_TO DO_: Make an exact copy of the data below, leaving out every picture.

Records from a dataset
- Opening Delimiter -

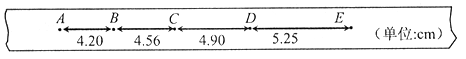 4、实验题 张军在做“测定小车匀变速直线运动的加速度”的实验中,用打点计时器记录了小车的运动情况。他挑选出的纸带如图所示。图中A、B、C、D、E是按打点先后顺序依次选取的计数点,两个相邻的计数点之间的时间间隔均为0.10s。则计数点C对应的瞬时速度为______m/s,小车运动的加速度是______m/s2(结果保留两位有效数字)。
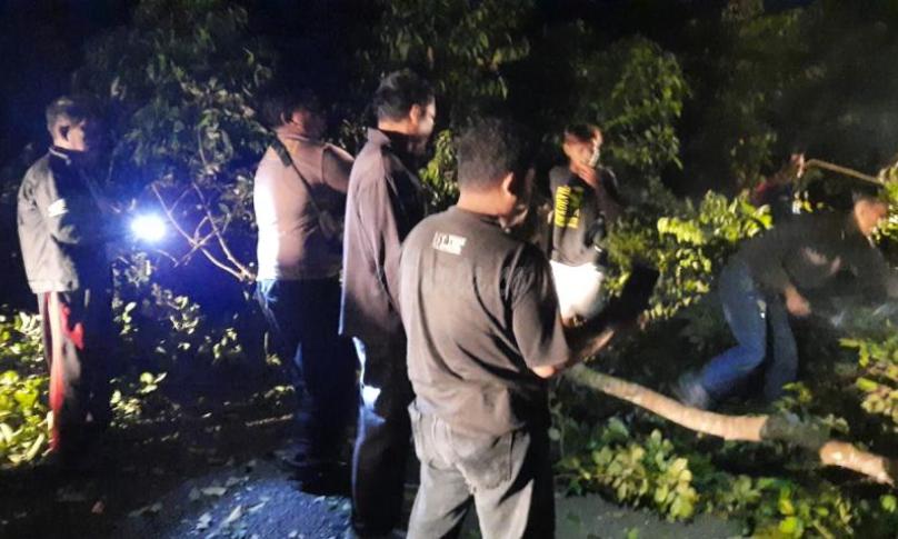 Pohon tumbang di Jalan Lintas Manna Pagar Alam Desa Tebat Kubu Kec. Kota Manna Kab. Bengkulu Selatan menutupi seluruh badan jalan sehingga tidak bisa dilewati oleh kendaraan bermotor dari ke dua arah.
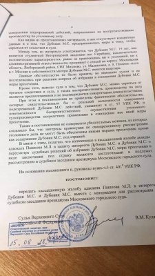 Кассационную жалобу на решение Дорогомиловского районного суда об аресте Марии Дубовик в Верховный суд подал ее адвокат Максим Пашков. Судья Верховного суда в свою очередь передал жалобу на рассмотрение президиуму Мосгорсуда.
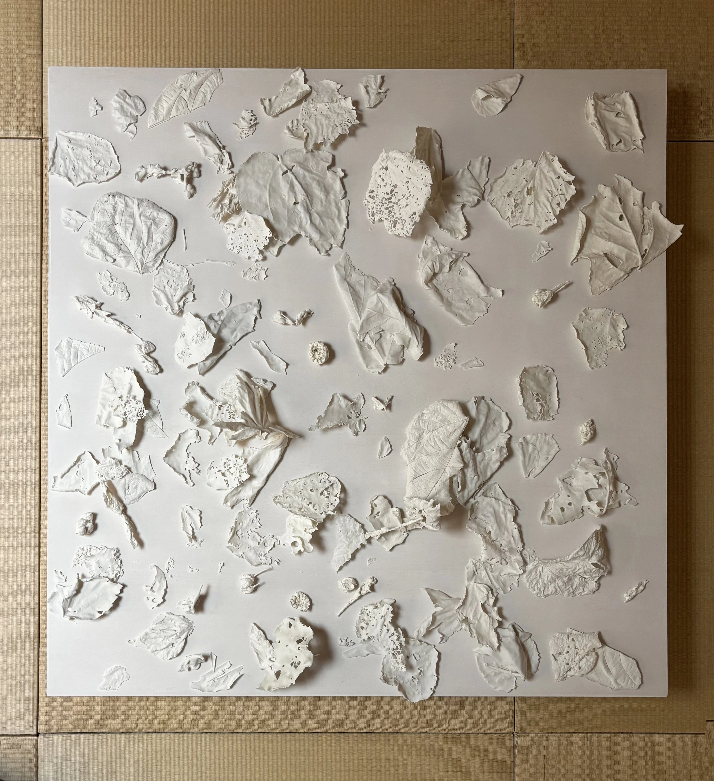 Collection, porcelain on plywood on tatami mat, 40 x 40 inches, 2025
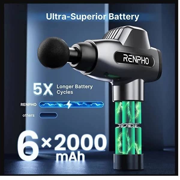 باتری لیتیوم یون رنفو با ظرفیت 2500 میلیآمپر ساعت، تا 8 ساعت کارکرد مداوم را برای شما فراهم میکند. این به این معنی است که شما میتوانید بدون نیاز به شارژ مجدد، از ماساژور خود در طول روز استفاده کنید.

- Closing Delimiter -

_SOLUTION FOR THIS TASK_:
 4、实验题 张军在做“测定小车匀变速直线运动的加速度”的实验中,用打点计时器记录了小车的运动情况。他挑选出的纸带如图所示。图中A、B、C、D、E是按打点先后顺序依次选取的计数点,两个相邻的计数点之间的时间间隔均为0.10s。则计数点C对应的瞬时速度为______m/s,小车运动的加速度是______m/s2(结果保留两位有效数字)。
 Pohon tumbang di Jalan Lintas Manna Pagar Alam Desa Tebat Kubu Kec. Kota Manna Kab. Bengkulu Selatan menutupi seluruh badan jalan sehingga tidak bisa dilewati oleh kendaraan bermotor dari ke dua arah.
 Кассационную жалобу на решение Дорогомиловского районного суда об аресте Марии Дубовик в Верховный суд подал ее адвокат Максим Пашков. Судья Верховного суда в свою очередь передал жалобу на рассмотрение президиуму Мосгорсуда.
 Collection, porcelain on plywood on tatami mat, 40 x 40 inches, 2025
 باتری لیتیوم یون رنفو با ظرفیت 2500 میلیآمپر ساعت، تا 8 ساعت کارکرد مداوم را برای شما فراهم میکند. این به این معنی است که شما میتوانید بدون نیاز به شارژ مجدد، از ماساژور خود در طول روز استفاده کنید.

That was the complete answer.